The following management factors can optimize DMI:

Forage quality that exceeds 1.32 Mcal of NE per kg of DM.
Ration ADF levels of 18 to 20%.
Ration NDF levels of 28 to 33%.
Effective NDF levels of 20 to 22%.
Fermentable carbohydrate levels of 36 to 38%.
Feeding of TMR.
Excellent dry cow rations (far off and close phases).
Ration DM content of 55 to 65%.
True feed weigh backs of 2 to 4%.
MI that meet or exceed NRC guidelines.

Positioning Purchased Feeds


Purchased feed represent significant out of pocket feed costs including protein supplements, minerals, vitamins, fat, by-product feeds, additives, and excellent quality hay. These feeds can add up to for $1.73 per cow per day in Illinois.

Protein supplements = .44
Purchased hay = .30
By-product feeds = .40
Minerals = .11
Vitamins = .03
Fat = .33
Additives = .12

Purchased feeds also include charges for service (forage testing, ration balancing, consulting, and feed quality monitoring). Common questions raised by dairy farmers are:

What should my purchased feed cost be?
When should I purchase feeds?
How can I position purchased feeds?
How much does service cost?

Dairy producers may not purchase enough, excess levels, or the incorrect types of feeds to provide balanced and economical rations. Purchased feeds for lactating dairy cows are affected by two factors: forage quality and level of milk production (Table 6). If forage quality is low, supplemental energy and protein will be needed.
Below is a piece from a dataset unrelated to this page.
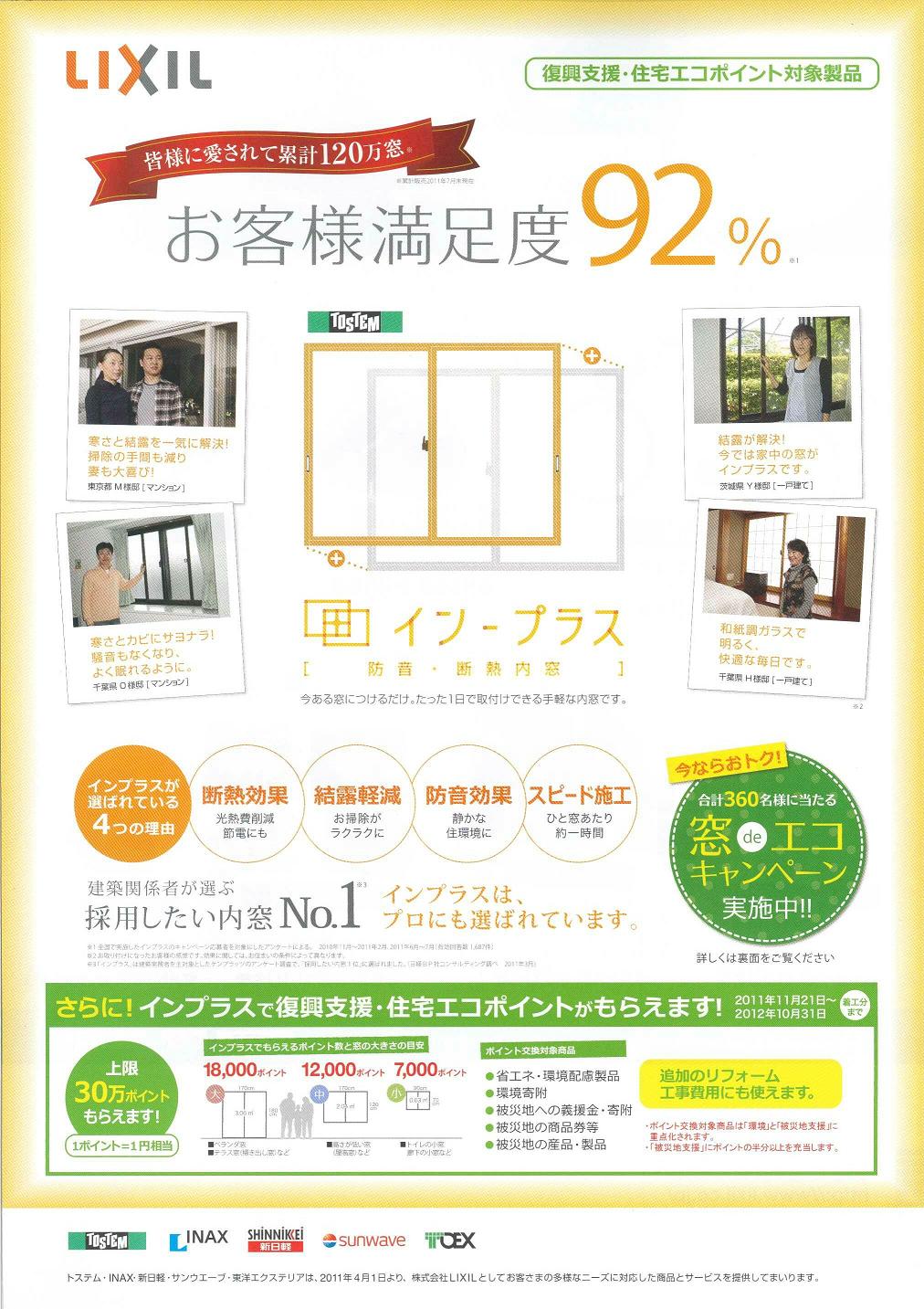 お客さま満足度92% 内窓「インプラス」キャンペーン 2023年1月末までのご注文で インプラス4セット取付ければ1セットプレゼントでもらえちゃう♪ ...

Feed additives can raise feed costs by 2 cents to 60 cents per cow per day. Table 7 lists several feed additives and strategies for use. Dairy farmers and nutritionists must correctly position feed additives to economically justify their use. Benefit to cost ratios can vary from 10:1 (anionic salts) to 8:1 (ionophores and zinc methionine) to 4:1 (buffers and yeast) to 3:1 (niacin). A survey of high producing US herds in 1991 and 1983 illustrate additive use and trends.

Additive inclusion should be based on its role in the ration, economic response, research support; and ability to measure and evaluate on the individual farm.

Service Charges And Strategies
Time has value when farmers receive ration formulating and consulting from a private consultant, feed company, veterinarian, or extension personnel. A value of 10 cents per cow per day was used. This charge results in $3.00 per cow per month or $180 per month (for a 60 cow herd). Several methods can be used to collect this cost.

One-half day of time which results in $45 per hour charge per month.
Add 1 cents per kg to complete grain mix fed per cow per day (10 kg) which raises grain price $10 per ton.
Add 5 cents per kg to protein supplement fed per cow per day (2 kg) which raise the protein supplement price $50 per ton.
Add $0.33 per kg (.3 kg) to mineral/vitamin supplement which raises the mineral mix $330 per ton.

There is no "free" time or service. Mathematics become more interesting if you calculate 150 cow herd size at 10 cents per day. Services include forage testing, computer time, educational meetings, mileage and expenses incurred travelling to the farm, and expected time committed; i.e. one-half day per month, phone calls at night, and response to emergencies. An effective service representative could increase milk yield 2 kg per cow (worth 36 cents per day) and/or lower feed costs 20 cents per day at a cost of 10 cents per day (6 to 1 benefit to cost ratio).

References


1. Baile, C.A. and M.A. Della-Fera. 1981. J. Dairy Sci. 64:915.
2. Chase, L.E. 1979. Cornell Nutr. Conf. Proc. pp. 52.
3. Erdman, R.A. 1988. J. Dairy Sci. 71:3246.
4. Hutjens, M.F. and J. Leverich. 1991. Four State Dairy Sem. Proc. p.1.
5. Kroll, O. and J.B. Owen. 1986. Res. Dev. in Ag. 3:1:47.
6. Mertens, D.R. 1987. J. Anim. Sci. 64:1548.
7. Miller, T.K., W.H. Hoover, W.W. Poland, Jr., R.W. Wood and W.V. Thayne. 1990. J. Dairy Sci. 73:2453.
8. Nat. Res. Council Comm. 1989. NRC of Dairy Cattle. Ed. 6. Nat. Acad. Sci. Washington, D.C.
9. Shaver, R.D. 1994. West. Can. Dairy Sem. 6:8.
10. Spain, J. 1994. Farmland Ind. Proc. Kansas City, MO.